The Best Stoner Movies Based on Review Scores

Endless scrolling through movies and television shows to find the right one to watch is one of modern life’s more annoying situations. But if you’re looking for a good stoner movie to watch, Rotten Tomatoes now offers a helping hand.

In the case of the best stoner movies, the editorial team at Rotten Tomatoes didn’t use professional critics or website user reviewers, but instead put together a list based on their own opinions. Most of the movies have at least a 70% favorability score from critics.

While these lists are subjective, they offer a great starting point for your next movie night. So, sit back, relax, and enjoy these movies – whether you’re high or not. You can also check out the list of 11 celebrities who smoke marijuana.

The Best Stoner Movies

Here are the Top 10 movies from the list, ranked in their order of awesomeness (according to Rotten Tomatoes editors).

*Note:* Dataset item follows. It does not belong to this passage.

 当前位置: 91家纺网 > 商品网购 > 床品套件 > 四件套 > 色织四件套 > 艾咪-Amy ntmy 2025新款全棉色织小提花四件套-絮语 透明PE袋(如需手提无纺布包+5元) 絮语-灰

Dazed and Confused (1993). Richard Linklater wrote and directed this film about the last day (and night) of school in 1976 in a small Texas town. In addition to pointing out the importance of getting tickets to Aerosmith and making sure the keg guy doesn’t deliver too early, the movie offers an early look at such future stars as Ben Affleck, Matthew McConaughey, Parker Posey, Milla Jovovich, Joey Lauren Adams,  Adam Goldberg, and Rory Cochrane.

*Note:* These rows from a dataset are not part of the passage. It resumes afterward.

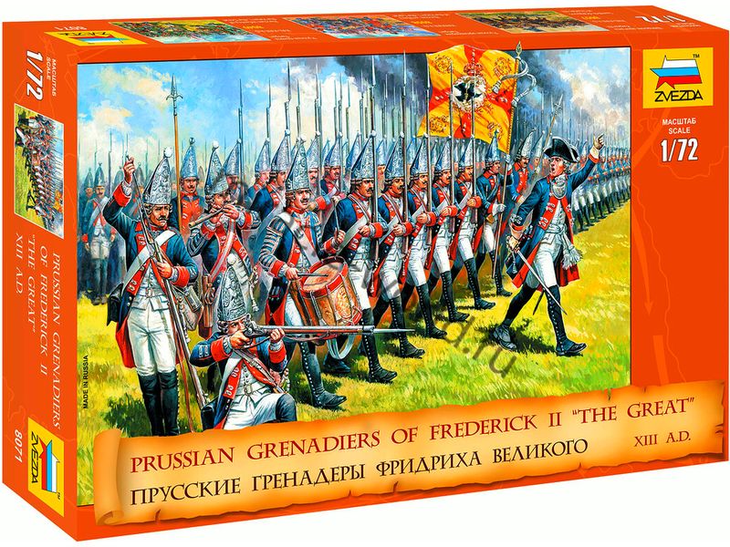 Сборная модель миниатюр Прусские гренадеры Фридриха Великого (XVIII A.D.) в масштабе 1/72 от фирмы Звезда / Zvezda (артикул 8071).
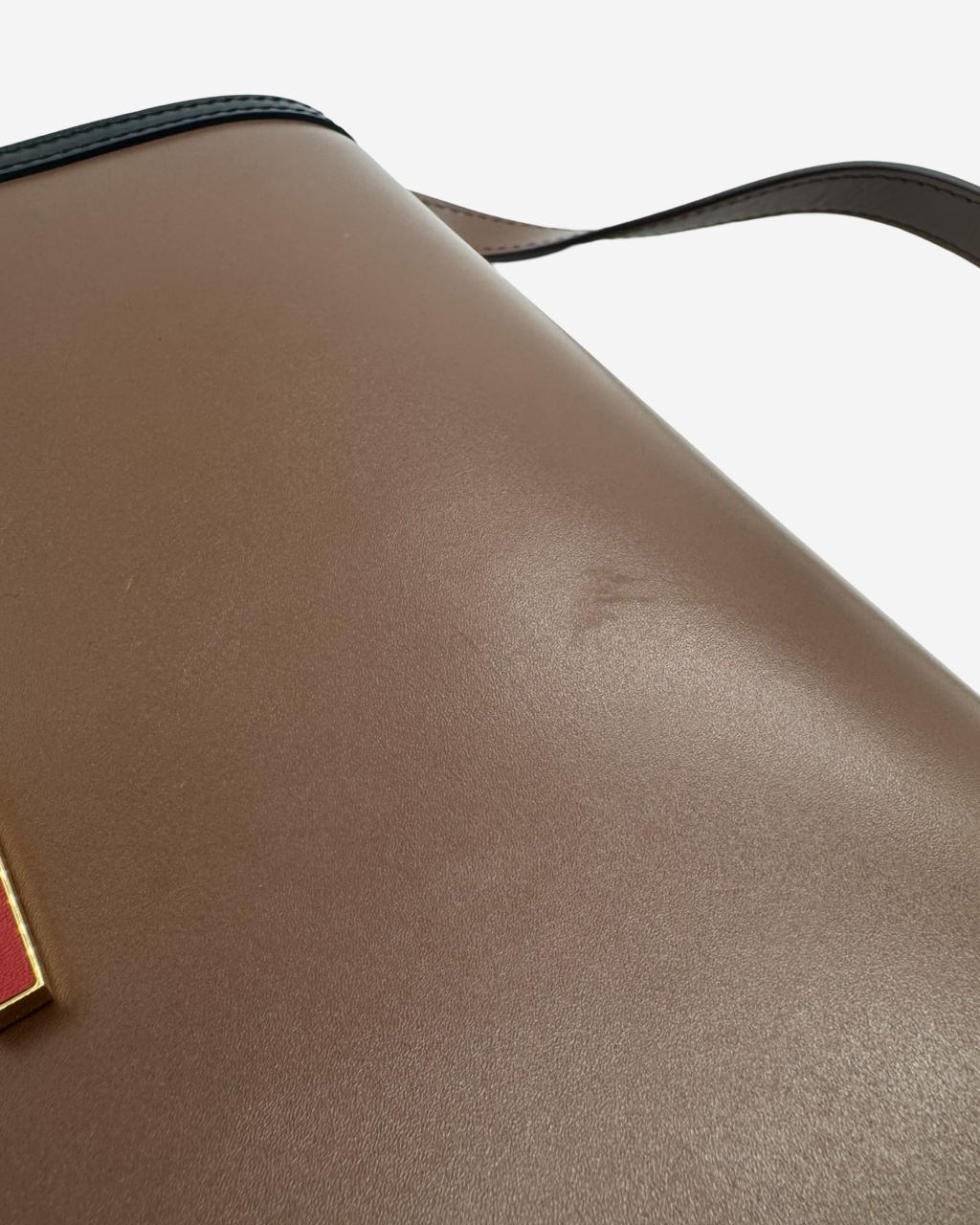 Descripción: Bolsa cruzada en piel bicolor, abertura con solapa, logo característico frontal en color rojo, strap largo de piel
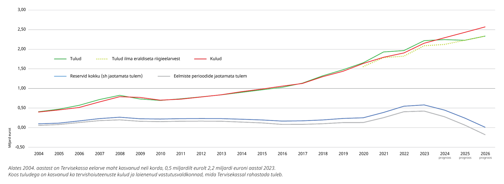 2023. aastal on Tervisekassa eelarve kogumahuks planeeritud 2,2 miljardit eurot. Suur osa Tervisekassa tuludest tuleb tööjõumaksudest (2023. aastal on see ligi 82 protsenti eelarve tuludest ehk 1,8 miljardit), mida tööandja maksab iga töötava inimese eest sotsiaalmaksuna. See näitab, et Eesti maksumaksja on ka suurim tervishoiu rahastaja. Teine suur tuluallikas on mittetöötavate vanaduspensionäride eest riigieelarvest eraldatav toetus, et laiendada ravikindlustuse tulubaasi. 2023. aasta eelarves on tegevustoetuse summa osakaal ligikaudu 11 protsenti ehk 0,25 miljardit. Aastateks 2020–2024 oli riigieelarves ette nähtud ka täiendav eraldis ehk lisaraha, kat- maks vähenevat maksulaekumist, mida prognoositi koroonakriisi alguses.

This is the End (2013). Celebrities James Franco, Jonah Hill, Seth Rogen, Jay Baruchel, and Danny McBride play themselves in this movie about the end of the world that somehow managed to blend horror movie tropes, comedy and weed. And the Backstreet Boys.

The Big Lebowski (1998). This is just, like, their opinion, man. But this movie became a classic among stoners and Coen Brothers fans from the day it debuted. Jeff Bridges stars as Jeff “The Dude” Lebowski, a Los Angeles stoner happily going nowhere in life who gets mistaken for a different Lebowski and becomes embroiled in a plot involving kidnapping, nihilists, an artist looking for a father, runaway girls from the Midwest, cab drivers who love the Eagles, a ferret, a high school car thief, and the way a rug holds a room together.

Easy Rider (1969). While much of it might seem dated, the performances by Peter Fonda, Dennis Hopper and Jack Nicholson are worth watching. For younger generations, it’s a quick way to learn about the hopes and shattered dreams of the counterculture generation.

Fast Times at Ridgemont High (1983). And then there’s the 1980s. If you’ve seen every John Hughes film and want something just a little bit more edgy, “Fast Times at Ridgemont High” – written by Cameron Crowe after he went “undercover” at a California high school – offers a look into what the 1980s were really like. It also includes an unforgettable performance by a then-unknown Sean Penn as Jeff Spicoli. It’s directed by Amy Heckerling, who made a string of huge hits in the 1980s and 1990s, including “National Lampoon’s European Vacation,” “Look Who’s Talking” and “Clueless.”

The rest of the Top 10 include:

  • Friday (1995). Starring Ice Cube, who successfully morphed from helping found gangsta rap with N.W.A to starring in comedies and memorable dramas (“Three Kings,” “Boyz in the Hood”).
  • Harold and Kumar Go to White Castle (2004). The ultimate “buddy stoner movie,” it also subverts many racial stereotypes.
  • Inherent Vice (2014). A Paul Thomas Anderson movie based on a Thomas Pynchon set in Los Angeles in the 1970s. That’s a good combination.
  • Ted (2012). Starring a talking and very profane teddy bear. And also, Mark Wahlberg.
  • Pineapple Express (2008). The other classic stoner buddy movie.

Movies To Watch When You’re High

This is much trickier, because really, any type of movie you like is a good movie to watch with a buzz. But Rotten Tomatoes published another list on this topic, this time based on movies with “insane internal zaniness,” dazzling visuals, high-concept science fiction and/or great music. The Top 10:

  • Spirited Away (2001). Hayao Miyazaki’s classic anime feature.
  • Monty Python and the Holy Grail (1975). One of the most quotable movies of all time. Also, funny.
  • Airplane! (1980). Makes fun of disaster movies and pretty much everything else.
  • The Grand Budapest Hotel (2014). Great visuals coupled with a movie story.
  • Shaun of the Dead (2004). Zombie apocalypse, but funny zombie apocalypse.
  • 2001: A Space Odyssey (1968), Stanley Kubrick’s classic on the evolution of humanity and its use of tools, from bone fragments to artificial intelligence.
  • Pulp Fiction (1994). An entertaining and original film from a young Quentin Tarantino.
  • Fantastic Planet (1973). A surrealist animated film where even the trailer is a trip.
  • The Matrix (1999). Humanity is really living in a computer program, etc.
  • Inception (2010). It’s all in your mind. Or, is it?